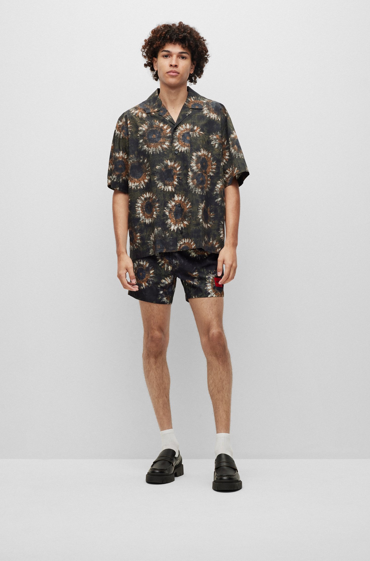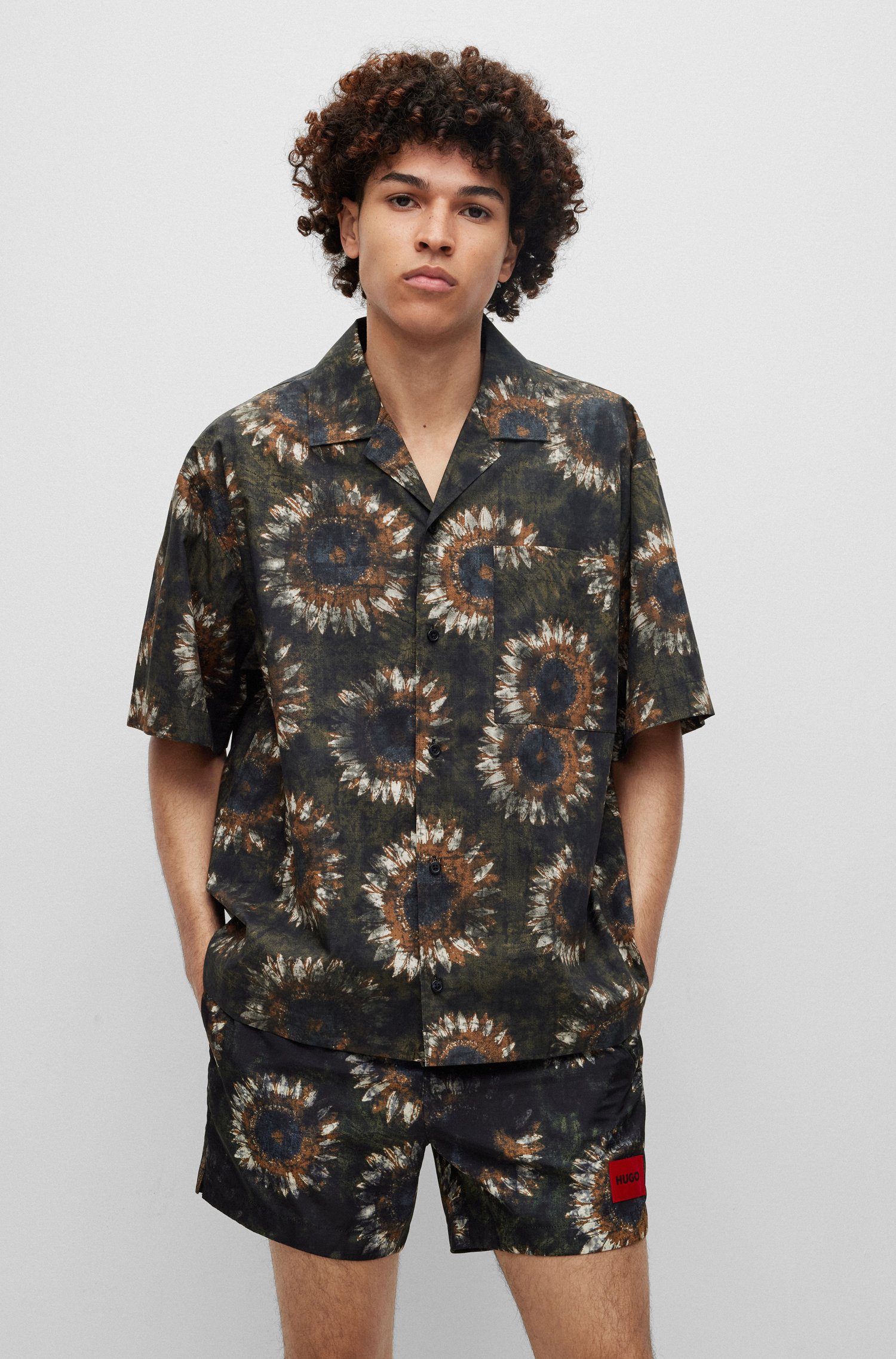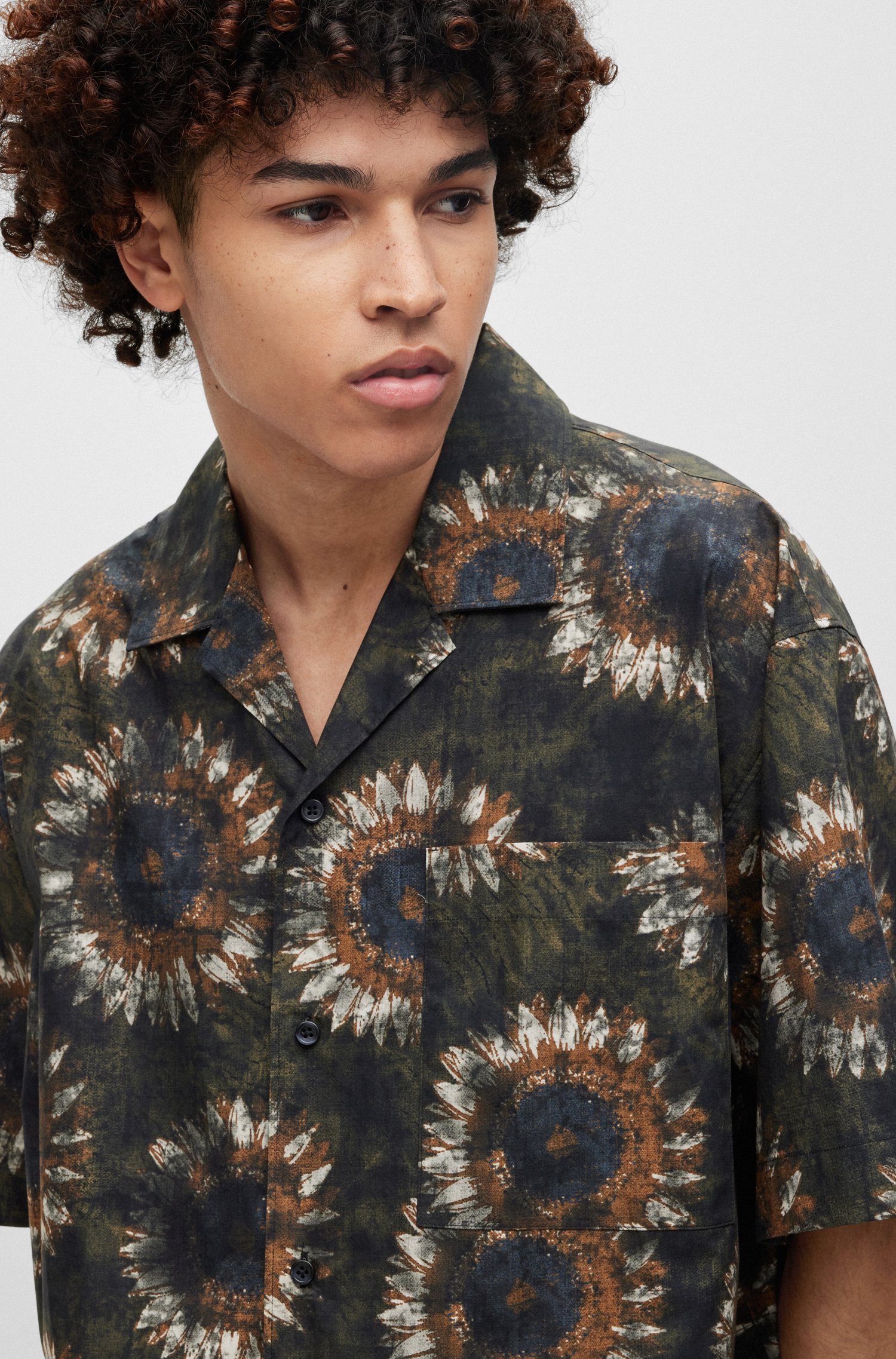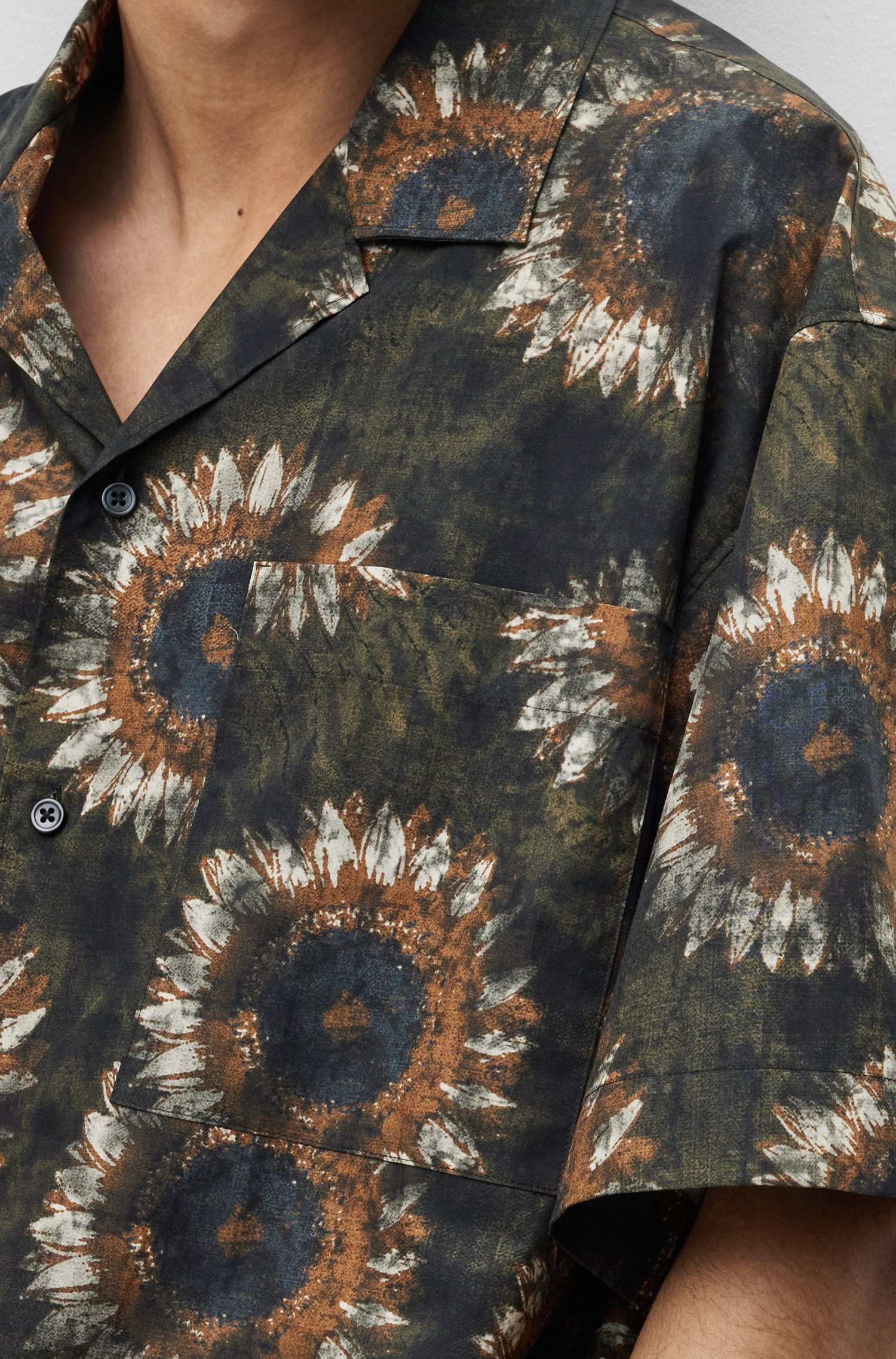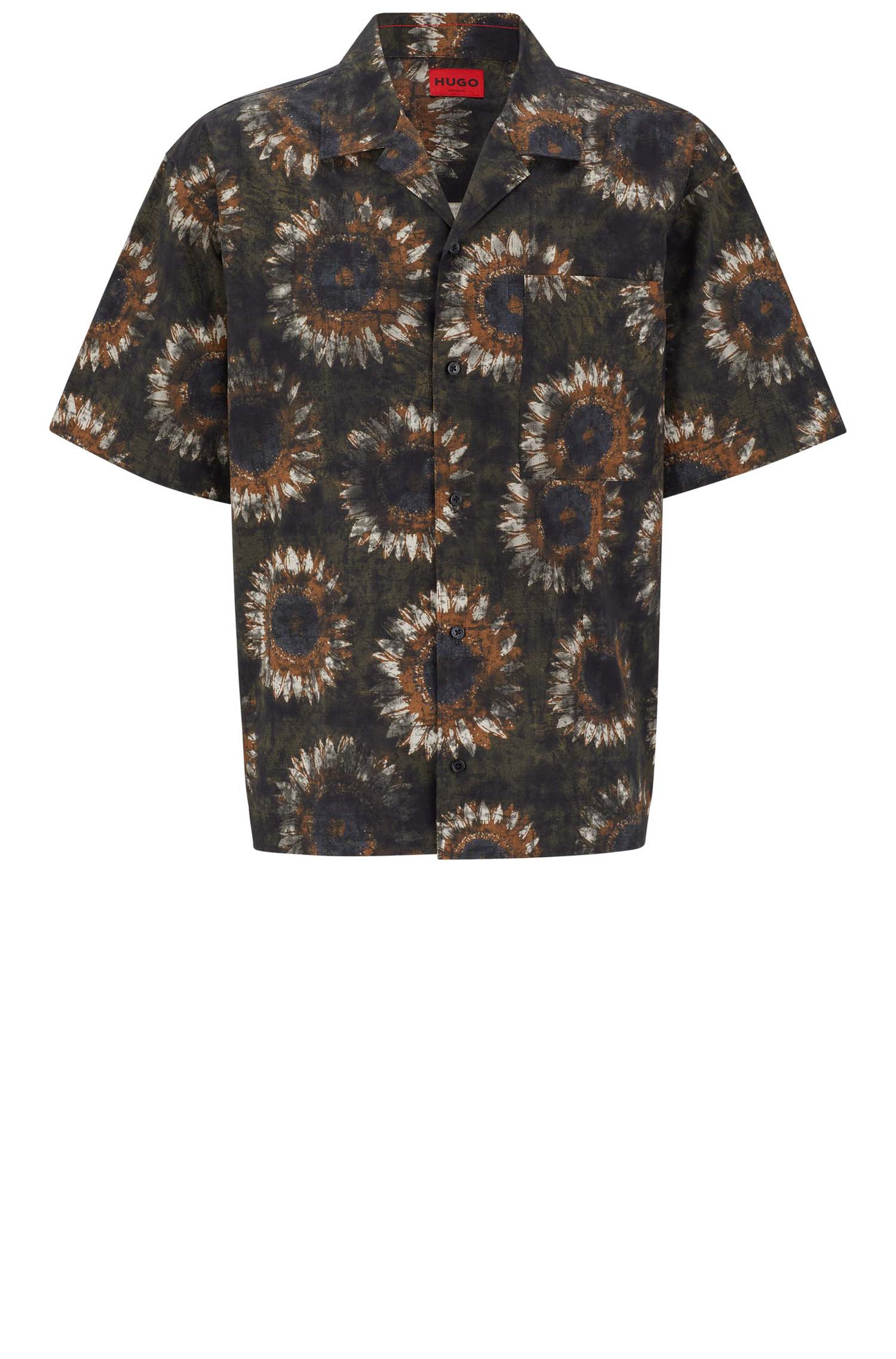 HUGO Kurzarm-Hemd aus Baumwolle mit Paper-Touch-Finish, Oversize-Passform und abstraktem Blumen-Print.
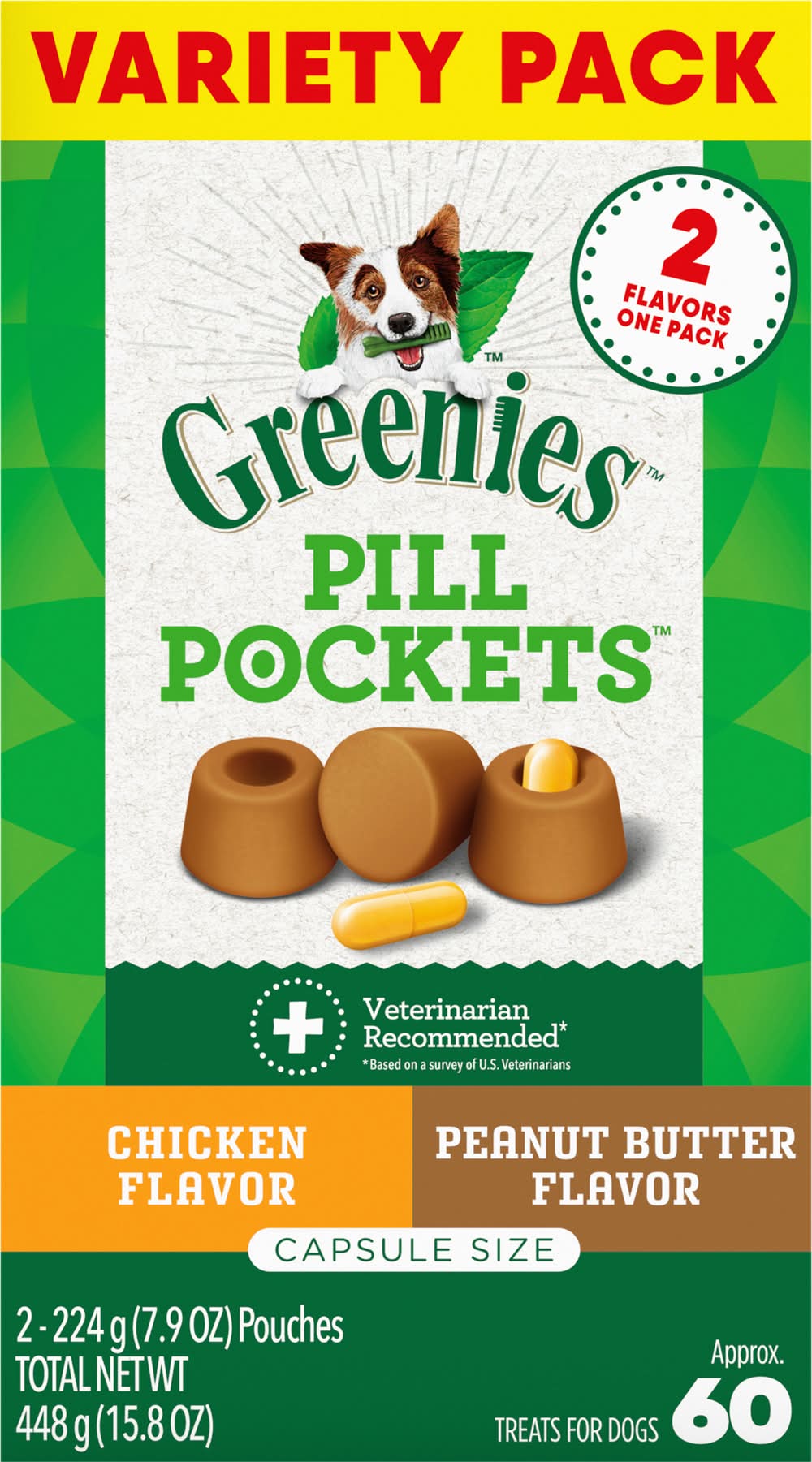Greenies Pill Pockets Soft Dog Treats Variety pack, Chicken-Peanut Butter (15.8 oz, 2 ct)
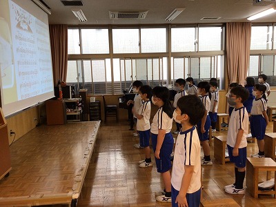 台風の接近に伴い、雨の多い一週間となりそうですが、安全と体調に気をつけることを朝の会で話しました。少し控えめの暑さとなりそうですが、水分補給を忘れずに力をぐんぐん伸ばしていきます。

** EXERCISE REQUIREMENTS **
The answer should consist of every line above, exact and free of images.

** TASK RESULT **
 HUGO Kurzarm-Hemd aus Baumwolle mit Paper-Touch-Finish, Oversize-Passform und abstraktem Blumen-Print.
Greenies Pill Pockets Soft Dog Treats Variety pack, Chicken-Peanut Butter (15.8 oz, 2 ct)
 台風の接近に伴い、雨の多い一週間となりそうですが、安全と体調に気をつけることを朝の会で話しました。少し控えめの暑さとなりそうですが、水分補給を忘れずに力をぐんぐん伸ばしていきます。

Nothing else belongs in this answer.